Chamando C a partir de Zig
Vamos começar com o caso mais comum: usar uma biblioteca C existente a partir do Zig.
Exemplo 1: Usando a Biblioteca Padrão C
const std = @import("std");
// Declara funções da libc
extern "c" fn printf(format: [*c]const u8, ...) c_int;
extern "c" fn strlen(s: [*c]const u8) usize;
extern "c" fn malloc(size: usize) ?*anyopaque;
extern "c" fn free(ptr: ?*anyopaque) void;
pub fn main() void {
// Usando printf da libc
_ = printf("Olá de C!\n");
// Usando strlen
const msg = "Zig é incrível";
const len = strlen(msg);
std.debug.print("Tamanho: {d}\n", .{len});
}
Pontos importantes:
[*c]const u8é o tipo de ponteiro C para string (equivalente aconst char*)- O modificador
"c"na declaraçãoexternespecifica a convenção de chamada C - Tipos C são convertidos para equivalentes Zig
Exemplo 2: Criando um Wrapper Idiomático
A forma direta acima funciona, mas não é idiomática. Vamos criar um wrapper mais “Zig-like”:
const std = @import("std");
// Declarações externas (low-level)
extern "c" fn fopen(filename: [*c]const u8, mode: [*c]const u8) ?*FILE;
extern "c" fn fclose(file: ?*FILE) c_int;
extern "c" fn fprintf(file: ?*FILE, format: [*c]const u8, ...) c_int;
const FILE = opaque {};
// Wrapper idiomático em Zig
pub const FileMode = enum {
read,
write,
append,
};
pub const CFile = struct {
handle: ?*FILE,
pub fn open(path: []const u8, mode: FileMode) !CFile {
const mode_str = switch (mode) {
.read => "r",
.write => "w",
.append => "a",
};
// Converte []const u8 para [*c]const u8 (null-terminated)

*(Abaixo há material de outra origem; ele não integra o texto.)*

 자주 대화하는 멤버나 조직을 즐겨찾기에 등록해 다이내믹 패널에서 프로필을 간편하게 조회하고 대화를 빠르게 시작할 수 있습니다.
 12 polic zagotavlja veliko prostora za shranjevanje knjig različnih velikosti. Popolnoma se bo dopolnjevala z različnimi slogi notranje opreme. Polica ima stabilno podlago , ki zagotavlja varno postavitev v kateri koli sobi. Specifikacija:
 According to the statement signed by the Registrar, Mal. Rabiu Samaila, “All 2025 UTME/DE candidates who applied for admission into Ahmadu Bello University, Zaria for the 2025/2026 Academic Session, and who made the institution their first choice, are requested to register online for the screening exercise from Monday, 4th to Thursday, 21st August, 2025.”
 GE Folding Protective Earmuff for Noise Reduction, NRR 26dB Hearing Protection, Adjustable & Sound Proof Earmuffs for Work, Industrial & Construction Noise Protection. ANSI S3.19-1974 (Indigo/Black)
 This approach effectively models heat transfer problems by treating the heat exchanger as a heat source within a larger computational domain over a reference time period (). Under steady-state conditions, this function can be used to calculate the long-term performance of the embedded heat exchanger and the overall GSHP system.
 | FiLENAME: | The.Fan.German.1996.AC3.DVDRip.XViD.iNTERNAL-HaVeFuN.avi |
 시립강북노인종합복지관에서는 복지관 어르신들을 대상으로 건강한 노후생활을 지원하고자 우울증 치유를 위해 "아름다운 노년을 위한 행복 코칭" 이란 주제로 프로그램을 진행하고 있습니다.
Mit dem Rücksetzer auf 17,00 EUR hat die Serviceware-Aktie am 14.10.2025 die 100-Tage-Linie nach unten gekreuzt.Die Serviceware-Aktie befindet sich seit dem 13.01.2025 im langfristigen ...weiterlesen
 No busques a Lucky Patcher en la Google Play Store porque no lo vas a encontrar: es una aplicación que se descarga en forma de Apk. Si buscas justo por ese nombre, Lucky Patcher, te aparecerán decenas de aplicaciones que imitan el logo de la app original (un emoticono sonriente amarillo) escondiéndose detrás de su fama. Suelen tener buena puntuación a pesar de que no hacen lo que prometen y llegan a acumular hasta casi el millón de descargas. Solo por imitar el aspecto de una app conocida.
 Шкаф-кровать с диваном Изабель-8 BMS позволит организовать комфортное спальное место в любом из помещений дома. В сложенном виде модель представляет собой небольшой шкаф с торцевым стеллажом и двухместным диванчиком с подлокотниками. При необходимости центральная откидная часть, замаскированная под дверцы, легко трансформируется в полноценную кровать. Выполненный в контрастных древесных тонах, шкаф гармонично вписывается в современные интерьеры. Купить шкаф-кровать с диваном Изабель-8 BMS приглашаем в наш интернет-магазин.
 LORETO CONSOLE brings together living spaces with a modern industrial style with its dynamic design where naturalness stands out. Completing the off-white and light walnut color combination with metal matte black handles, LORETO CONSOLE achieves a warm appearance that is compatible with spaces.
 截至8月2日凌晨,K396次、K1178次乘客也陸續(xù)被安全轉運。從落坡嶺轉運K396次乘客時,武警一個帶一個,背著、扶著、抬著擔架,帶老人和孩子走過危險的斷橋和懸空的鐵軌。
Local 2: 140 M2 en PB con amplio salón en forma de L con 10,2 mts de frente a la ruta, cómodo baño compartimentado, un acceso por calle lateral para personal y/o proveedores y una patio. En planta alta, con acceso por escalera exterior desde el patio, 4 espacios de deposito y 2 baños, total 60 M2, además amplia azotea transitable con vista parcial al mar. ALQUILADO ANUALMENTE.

const c_path = try std.heap.c_allocator.dupeZ(u8, path);
defer std.heap.c_allocator.free(c_path);
const handle = fopen(c_path.ptr, mode_str);
if (handle == null) return error.FileNotFound;
return CFile{ .handle = handle };
}
pub fn close(self: *CFile) void {
if (self.handle) |h| {
_ = fclose(h);
self.handle = null;
}
}
pub fn write(self: CFile, msg: []const u8) void {
if (self.handle) |h| {
const c_msg = std.heap.c_allocator.dupeZ(u8, msg) catch return;
defer std.heap.c_allocator.free(c_msg);
_ = fprintf(h, "%s", c_msg.ptr);
}
}
};
pub fn main() !void {
var file = try CFile.open("teste.txt", .write);
defer file.close();
file.write("Escrevendo via wrapper Zig!\n");
}
Vantagens desta abstração:
- Gerenciamento de memória automático (
defer) - Tipos seguros (
FileModeenum ao invés de strings) - Tratamento de erros Zig (
!CFile) - Fechamento automático com
defer
Compilando C junto com Zig
Uma das características únicas do Zig é que ele inclui um compilador C/C++. Isso significa que você pode compilar código C sem precisar do GCC ou Clang instalados.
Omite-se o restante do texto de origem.